Tuesday, 8 July 2014

Farming in the mountain’s shadow, Uganda

ACIAR's Forestry research program manager, Tony Bartlett, recently visited Uganda where a new agroforestry project is beginning...

On a recent visit to Uganda, I visited the small village of Butta, which lies in the foothills of Mt Elgon, to talk about the villagers' participation in a new agroforestry project: ‘Trees for Food Security’. The aim of this project is to encourage and support farmers to grow trees on farms for improved food and nutritional security. Previous research has indicated that crop yields can be doubled by incorporating the right trees and management practices into agricultural systems.

In the shadow of the mountain, Manafwa district

There was a very strong recognition among the farmers of the need to change their land management practices, and they are very eager to become involved in the project.

They explained that this project would bring them prosperity ‘like the rains’. They were honoured that someone from Australia would visit their village and provide funding to help them improve their farming systems.

As part of the culture of the Luhya people who inhabit this region and neighbouring parts of Kenya, they gave me with a local name, ‘Wafula’, which is traditionally given to males born in the rainy season.

This project, funded through ACIAR’s Australian International Food Security Research Centre, is about to begin its research activities in Uganda after focusing initial efforts in Rwanda and Uganda during its first two years. Partner staff from the World Agroforestry Centre (ICRAF) and the Uganda National Forestry Research Institute (NaFORRI) have selected sites suitable for running participatory trials with farmers to explore the scaling out of evergreen agroforestry systems.

Tony speaking with villagers at Namabya
Following the official launch of the project in Uganda, we travelled for 5 hours to the town of Mbale to look at the selected trial sites and to meet some of the villagers. When we explained the project to the villagers of Namabya and Butta, they were very interested in the concept of using trees to improve soil fertility and to reduce soil erosion, which they said greatly affected the productivity of their agricultural crops.

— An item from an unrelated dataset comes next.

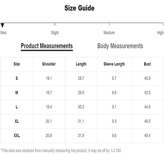 Bust Size: (Small) 40.9 inch,(Medium) 42.5 inch, (Large) 44.5 inch, (X-Large) 46.5 inch, (XX-Large) 48.4 inch.

The proposed sites are in Manafwa District, located in eastern Uganda near Mt Elgon and the border with Kenya. This area was selected because it has a wide range of elevation zones (1100–4200 metres above sea level) in which we can trial different systems. It also has some significant environmental issues, such as prevalent landslides and soil erosion, which we are keen to address through appropriate agroforestry planting.

Farming landscapes around Butta
The area is densely populated, with over 1000 people per square kilometre, and about a third of these are living in poverty. The area is intensely cultivated, with very little remnant vegetation in the lower and middle elevations. Subsistence farmers are growing maize, millet, cassava, sweet potato, rice and vegetables. Bananas and coffee are planted in the higher elevation zones and some trees, including eucalypts, are also planted by farmers.

There is a history and culture of tree planting in the communities in this region, arising from previous agroforestry and Landcare projects. I was delighted to see how enthusiastic the farmers are about being involved in this new project. The research should bring them both environmental and livelihood benefits.
Farming systems near Namabya

By Tony Bartlett, ACIAR's Forestry research program manager

More information:
ACIAR Project FSC/2012/014 ‘Trees for Food Security’ - Improving sustainable productivity in farming systems and evergreen agriculture in eastern Africa is being led by the World Agroforestry Centre.